Collected data:
_ _ _ _ _
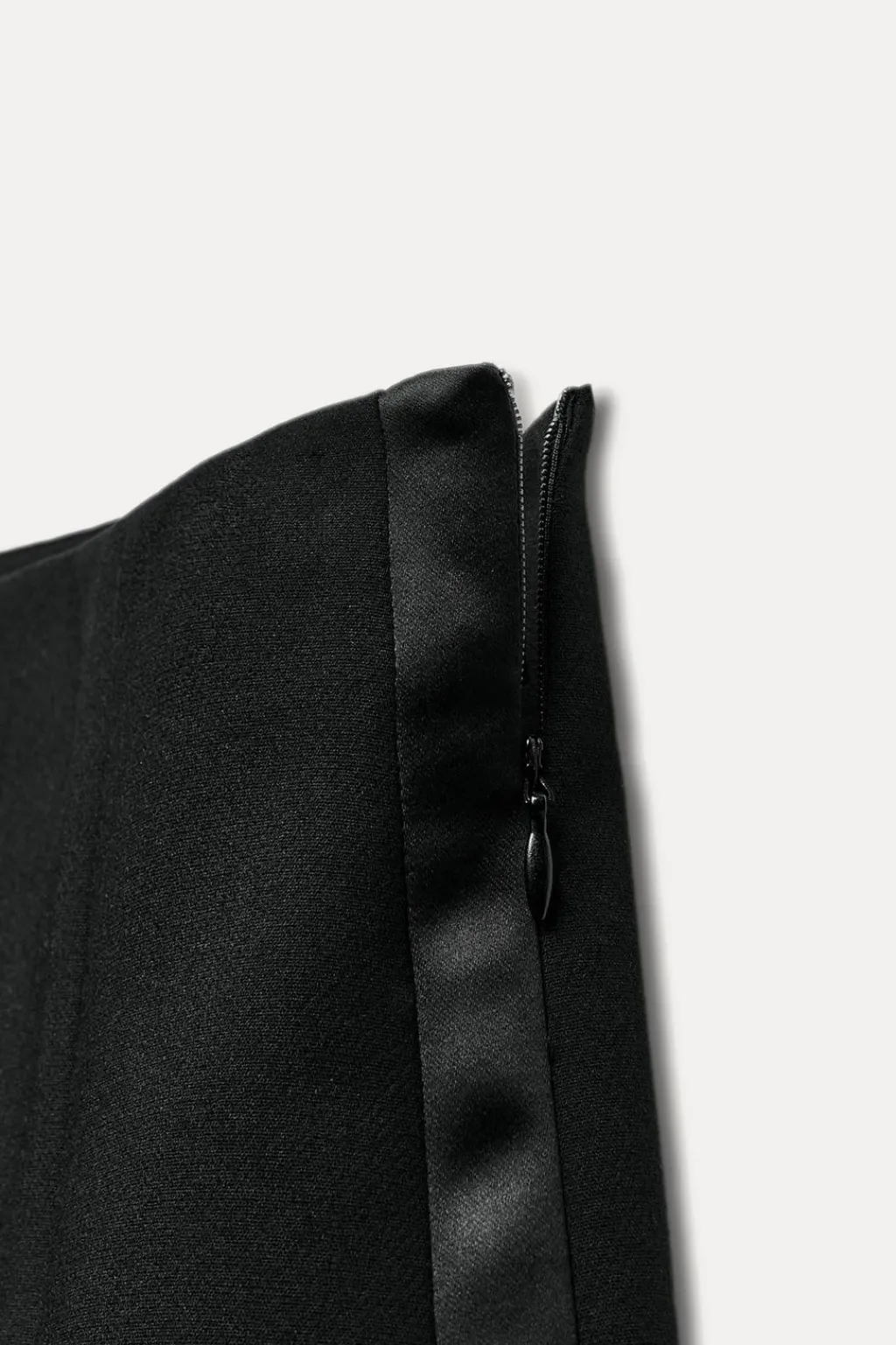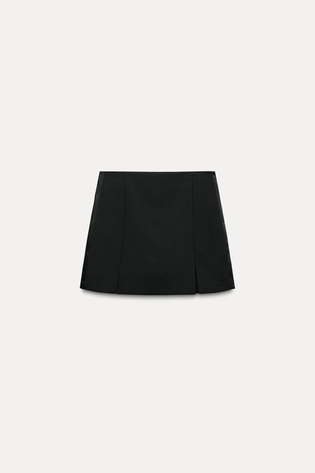 Falda pantalón de tiro alto con bandas laterales satinadas. Bajo con aberturas frontales. Cierre lateral con cremallera oculta en costura.
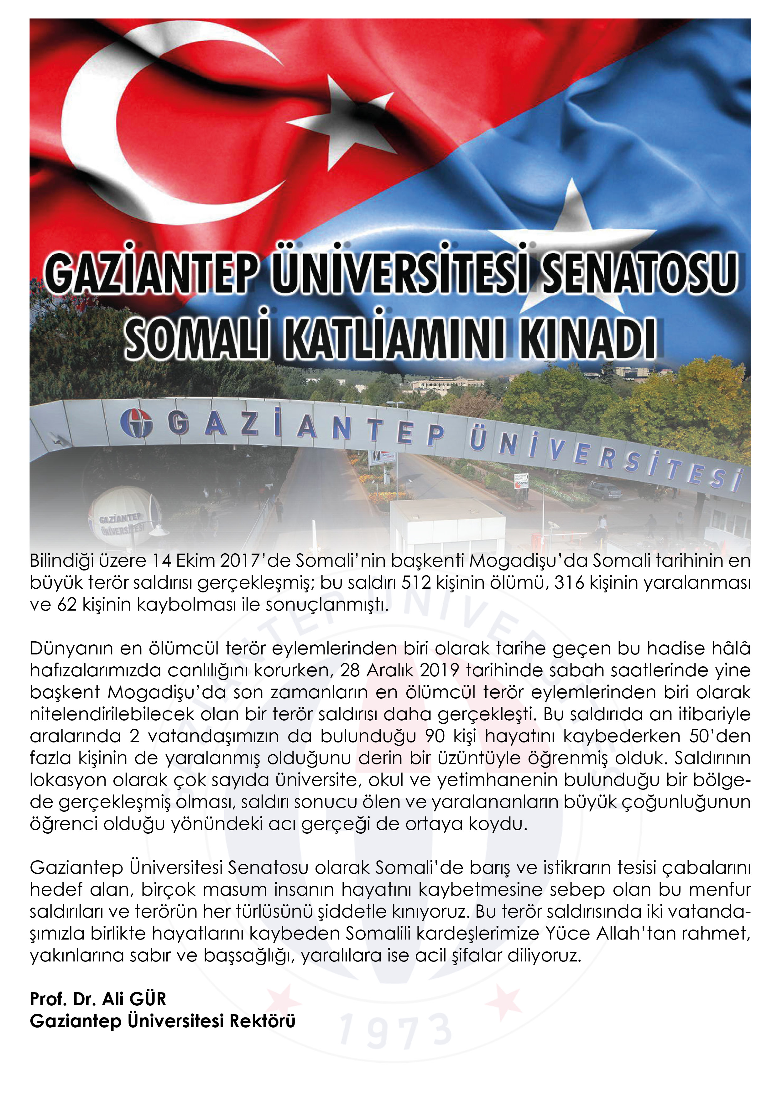 GAZİANTEP ÜNİVERSİTESİ SENATOSU SOMALİ KATLİAMINI KINADI
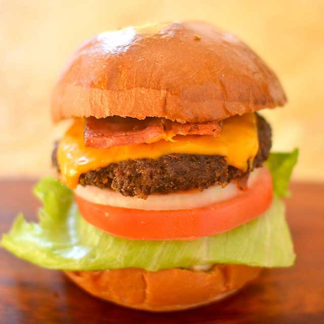 牛肉100%パティ130g ベーコン レタス レリッシュ トマト オニオン マヨネーズ チェダーチーズ ソース(マヨネーズ・マスタード・ケチャップ)
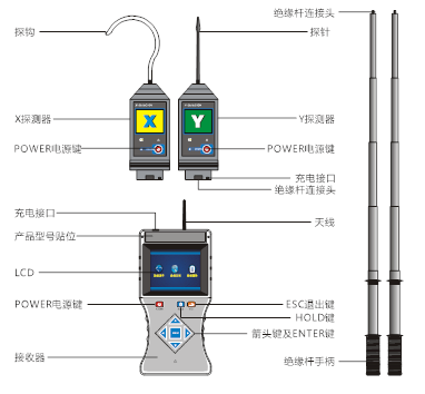 電壓:1kv~35kv頻率:45hz~75hz0.1°;0.1hz;1v相位:≤±10° 電壓:±15%±5dgt(1kv~35kv,高壓架空線路,其它應用誤差±25%±5dgt)頻率:≤±2hz 同相:-30°~30°;異相: 90°~150°和210°~270°同相、異相、x信號正常、y信號正常等語音功能拉伸后長約3.2m;收縮后長約0.6m9999組接觸核相:35kv以下裸導線,或110kv以下有安 全絕緣外皮的導線直接接觸核相。(帶絕緣桿操作)非接觸核相:35kv以上裸導線,或110kv以上線路采用非接觸核相,逐漸靠近該導線。(帶絕緣桿操作)輔助接地線測量:低于100v時,如果測量結果不穩定,則需要使用輔助接地線與接地點相連接,增強信號探測器“嘟--嘟--嘟”蜂鳴聲自動換檔2次/秒探測器:長寬厚145mm×60mm×48mm接收器:長寬厚250mm×100mm×40mm按上下箭頭鍵調整背光亮度根據感應的電場強不同,探測器能自動控制放大倍數,便于排線密集場所核相。
_ _ _ _ _
The task: Output each line above exactly as it stands, omitting the pictures.

Written solution:
 Falda pantalón de tiro alto con bandas laterales satinadas. Bajo con aberturas frontales. Cierre lateral con cremallera oculta en costura.
 GAZİANTEP ÜNİVERSİTESİ SENATOSU SOMALİ KATLİAMINI KINADI
 牛肉100%パティ130g ベーコン レタス レリッシュ トマト オニオン マヨネーズ チェダーチーズ ソース(マヨネーズ・マスタード・ケチャップ)
 電壓:1kv~35kv頻率:45hz~75hz0.1°;0.1hz;1v相位:≤±10° 電壓:±15%±5dgt(1kv~35kv,高壓架空線路,其它應用誤差±25%±5dgt)頻率:≤±2hz 同相:-30°~30°;異相: 90°~150°和210°~270°同相、異相、x信號正常、y信號正常等語音功能拉伸后長約3.2m;收縮后長約0.6m9999組接觸核相:35kv以下裸導線,或110kv以下有安 全絕緣外皮的導線直接接觸核相。(帶絕緣桿操作)非接觸核相:35kv以上裸導線,或110kv以上線路采用非接觸核相,逐漸靠近該導線。(帶絕緣桿操作)輔助接地線測量:低于100v時,如果測量結果不穩定,則需要使用輔助接地線與接地點相連接,增強信號探測器“嘟--嘟--嘟”蜂鳴聲自動換檔2次/秒探測器:長寬厚145mm×60mm×48mm接收器:長寬厚250mm×100mm×40mm按上下箭頭鍵調整背光亮度根據感應的電場強不同,探測器能自動控制放大倍數,便于排線密集場所核相。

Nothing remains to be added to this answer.